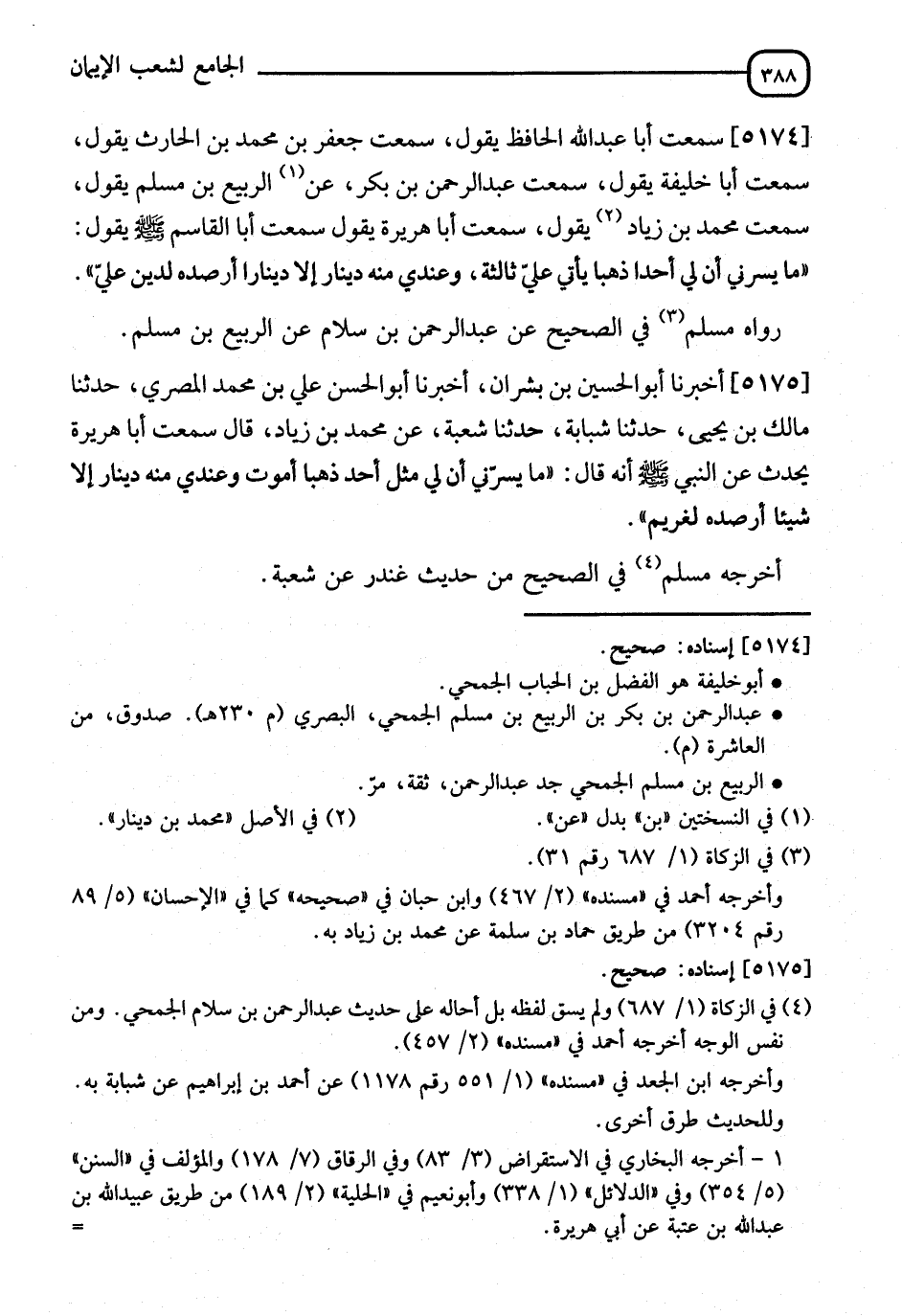 5174 - سَمِعْتُ أَبَا عَبْدِ اللهِ الْحَافِظُ، يَقُولُ: سَمِعْتُ جَعْفَرَ بْنَ مُحَمَّدِ بْنِ الْحَارِثِ، يَقُولُ: سَمِعْتُ أَبَا خَلِيفَةَ، يَقُولُ: سَمِعْتُ عَبْدَ الرَّحْمَنِ بْنَ بَكْرٍ، عَنِ الرَّبِيعِ بْنِ مُسْلِمٍ، يَقُولُ: سَمِعْتُ مُحَمَّدَ بْنَ زِيَادٍ، يَقُولُ: سَمِعْتُ أَبَا هُرَيْرَةَ يَقُولُ: سَمِعْتُ أَبَا الْقَاسِمِ صَلَّى اللَّهُ عَلَيْهِ وَسَلَّمَ يَقُولُ: " §مَا يَسُرُّنِي أَنَّ لِي أُحُدًا ذَهَبًا، يَأْتِي عَلَيَّ ثَلَاثَةٌ وَعِنْدِي مِنْهُ دِينَارٌ إِلَّا دِينَارًا أُرْصِدُهُ لِدَيْنٍ عَلَيَّ " رَوَاهُ مُسْلِمٌ فِي الصَّحِيحِ، عَنْ عَبْدِ الرَّحْمَنِ بْنِ سَلَامٍ، عَنِ الرَّبِيعِ بْنِ مُسْلِمٍ
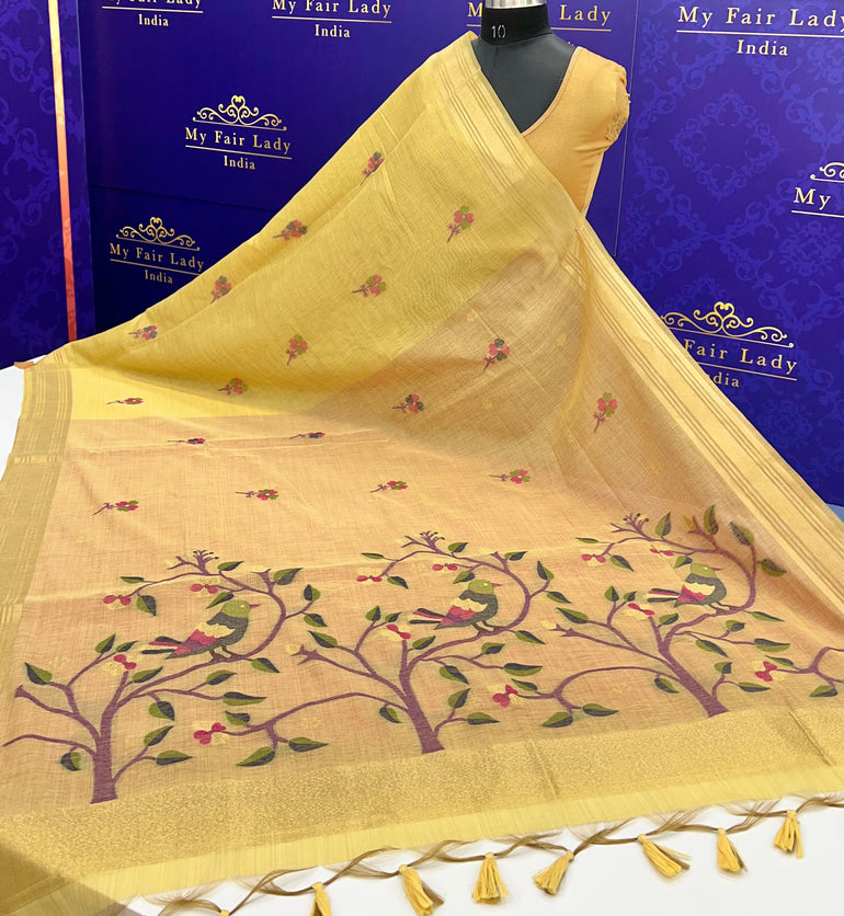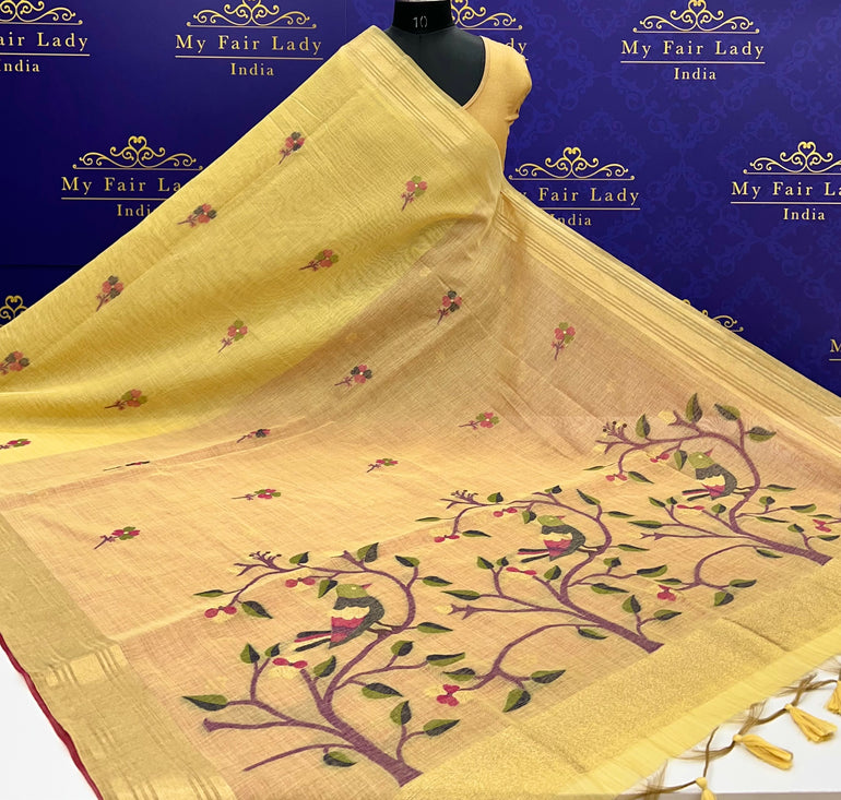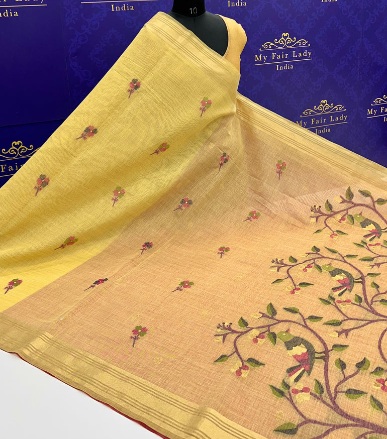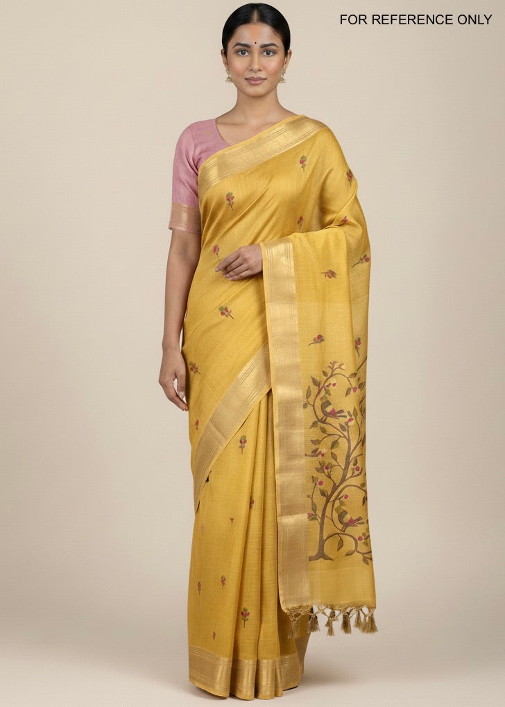 Cotton Semi-Silk Saree Cream Yellow Colour - [Code 896]
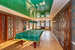 Третий этаж-зона отдыха. Оснащён бильярдом, на полу пробковое покрытие выполняет функцию шумоизоляции, есть мини бар, а также домашний кинотеатр с комфортными креслами-реклайнерами. Отличный вид с балкона во двор. Также есть две спальные комнаты. Во всех комнатах установлены двери из шпона оттенка красного дерева.
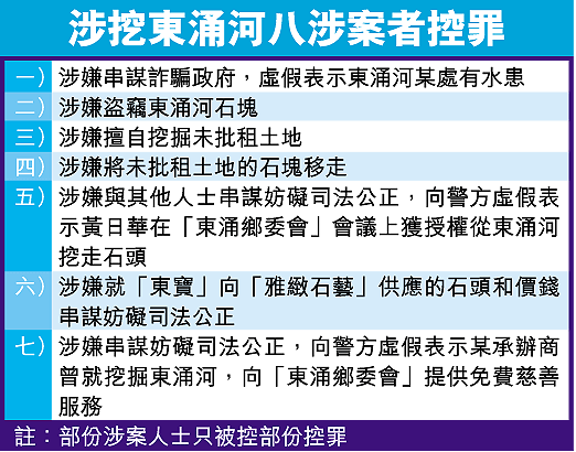 當中羅錦輝與黃日華同被控四項控罪,其中一項控罪指他們涉嫌一起串謀詐騙政府,虛假地表示東涌河某段有水患,而另一項控罪指他們涉嫌盜竊東涌河石塊。二人另被控兩項罪名,包括一項擅自挖掘未批租土地及一項將未批租土地石頭移走。
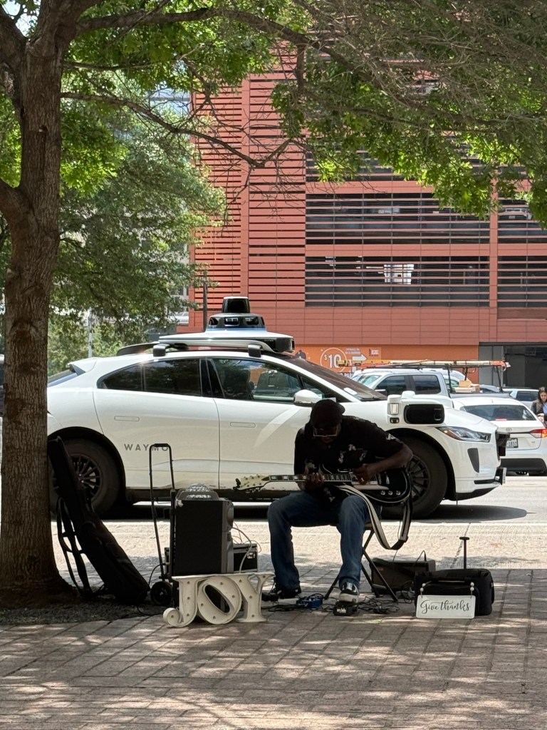 That’s the self driving taxi behind Joy. After successful trials in other cities, they recently arrived in Austin. It’s a strange sight to see a car rolling along city roads with no driver. These taxis are being steadily introduced across American cities and will be in Europe soon.
——
# [Exercise prompt]
Pictures are to be omitted; otherwise, every line from the first line of the listing through the line containing "Cotton Semi-Silk Saree" must be reproduced exactly, both ends included.

# [Task output]
 5174 - سَمِعْتُ أَبَا عَبْدِ اللهِ الْحَافِظُ، يَقُولُ: سَمِعْتُ جَعْفَرَ بْنَ مُحَمَّدِ بْنِ الْحَارِثِ، يَقُولُ: سَمِعْتُ أَبَا خَلِيفَةَ، يَقُولُ: سَمِعْتُ عَبْدَ الرَّحْمَنِ بْنَ بَكْرٍ، عَنِ الرَّبِيعِ بْنِ مُسْلِمٍ، يَقُولُ: سَمِعْتُ مُحَمَّدَ بْنَ زِيَادٍ، يَقُولُ: سَمِعْتُ أَبَا هُرَيْرَةَ يَقُولُ: سَمِعْتُ أَبَا الْقَاسِمِ صَلَّى اللَّهُ عَلَيْهِ وَسَلَّمَ يَقُولُ: " §مَا يَسُرُّنِي أَنَّ لِي أُحُدًا ذَهَبًا، يَأْتِي عَلَيَّ ثَلَاثَةٌ وَعِنْدِي مِنْهُ دِينَارٌ إِلَّا دِينَارًا أُرْصِدُهُ لِدَيْنٍ عَلَيَّ " رَوَاهُ مُسْلِمٌ فِي الصَّحِيحِ، عَنْ عَبْدِ الرَّحْمَنِ بْنِ سَلَامٍ، عَنِ الرَّبِيعِ بْنِ مُسْلِمٍ
 Cotton Semi-Silk Saree Cream Yellow Colour - [Code 896]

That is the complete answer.